I have so many complicated feels about this…

On the one hand the way she’s curled in the frame with the dude pressing into her from the left while pinning her wrist against the couch as the other guy leans in so that she take his cock in her mouth is super problematic–tied up in patriarchal notions of female receptivity and convenience with regard to male sexual gratification.

And yet, that’s countered–to a small degree–by the way that she is stretching to meet the dick she’s sucking and the way her foot is pressed into the other guys face is probably some foot fetishist shit but it does suggest a degree of control and willful participation.

(I also completely fail to understand non-queer instantiations of group sex–but then I tend not to really understand normal human boundaries beyond the most basic notion that your right to swing your fists ends where my face begins. Also, I find it hilarious that with that heteronormative wisdom that a woman is supposed to save herself for a man while men can fuck whomever, whenever–that strictly hetero threesomes increase the woman’s number by two and the male participants by only one.
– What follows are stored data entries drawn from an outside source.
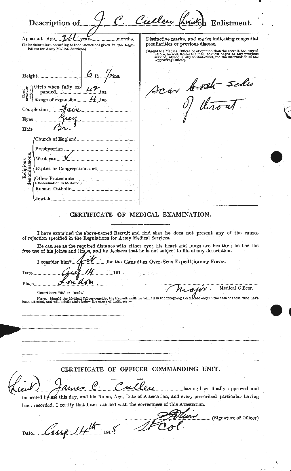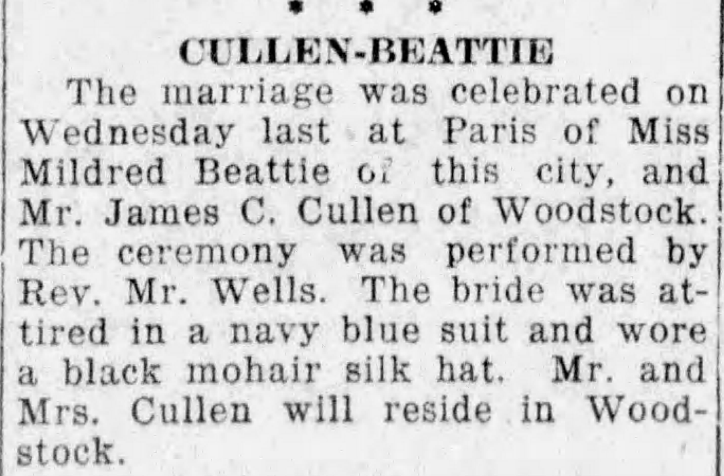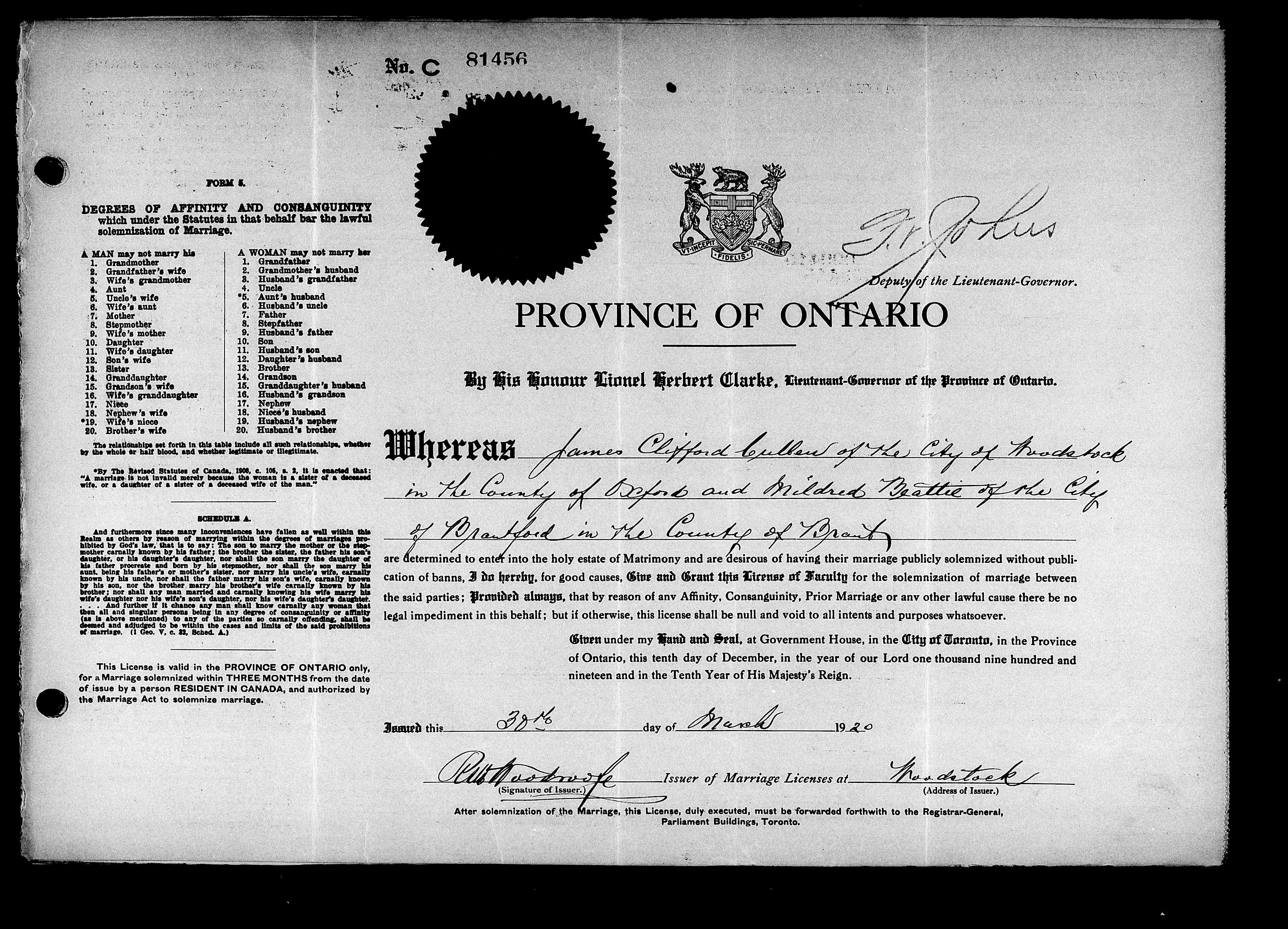 Family Search: When Lieutenant James Clifford Cullen was born on 6 September 1891, in Woodstock, Oxford, Ontario, Canada, his father, James Cullen, was 28 and his mother, Margaret Jessie Buchan, was 28. He married Annie Mildred Beattie on 31 March 1920, in Paris, South Dumfries Township, Brant, Ontario, Canada. They were the parents of at least 1 son. He lived in Oxford, Ontario, Canada, for about 10 years. He died on 28 October 1970, in Brantford, Brant, Ontario, Canada, at the age of 79, and was buried in Mount Hope Cemetery, Brantford, Brant, Ontario, Canada.
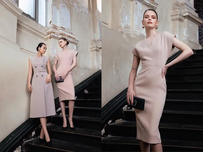 như váy bút chì tôn dáng, váy chữ A dáng dài thanh nhã dựa trên đường cắt tinh
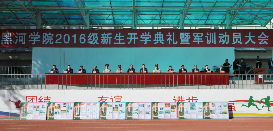 本网讯(记者 何振东 摄影 赵宇)初秋的暖阳尽洒美丽的校园,边城的和风掠过青春的脸庞。8月29日上午,2016级新生开学典礼暨军训动员大会在我校田径运动场隆重举行。黑河军分区副政治委员王振兴大校、黑河市公安消防支队支队长张国祥上校、中国人民解放军65951部队副政治委员魏恒越中校,党委书记曹百瑛、校长贯昌福,党委副书记杨宏、李廷栋,副校长张焕强、车永宏、许海深、丛喜权,总会计师、财务处处长宁艳杰,党委委员、组织部部长邹辉,党委委员、宣传统战部部长吴春娟出席大会。大会由党委副书记杨宏主持。

Lastly, if you’re in a threesome, why not maximize your pleasure. I mean I’ve never been in a full blown threesome but the times I have that have gotten close, I’ve instinctive engaged physically with both participants. I just don’t understand how it’s any fun any other way. And if you’re a dude who likes gay-for-pay lesbian action and still fully believe that the actresses are straight but you’re not okay sucking a little bit of dick to liven things up then you are super gross.)

Really, what appeals to me is the sort of twisted empathy I feel towards her. I’ve mentioned before how we speak of desire most often in terms of hunger. I don’t experience it that way. My experience of desire is closer to thirst.

I don’t think you can read this in a way that illuminates anything about thirst but as far as hunger, I feel like these dudes are hungry for her body and their very real and physically demonstrable hunger functions simultaneously as a sort of you are hungry and I care about you so I want to feed you, I am not hungry but I am thirsty and the way you need me takes a bit of the edge of the thirst I feel.

I have to have that feeling of being needed and if I were ever in a situation to have people need me in a fashion of a kind with the above image, I would not squander it.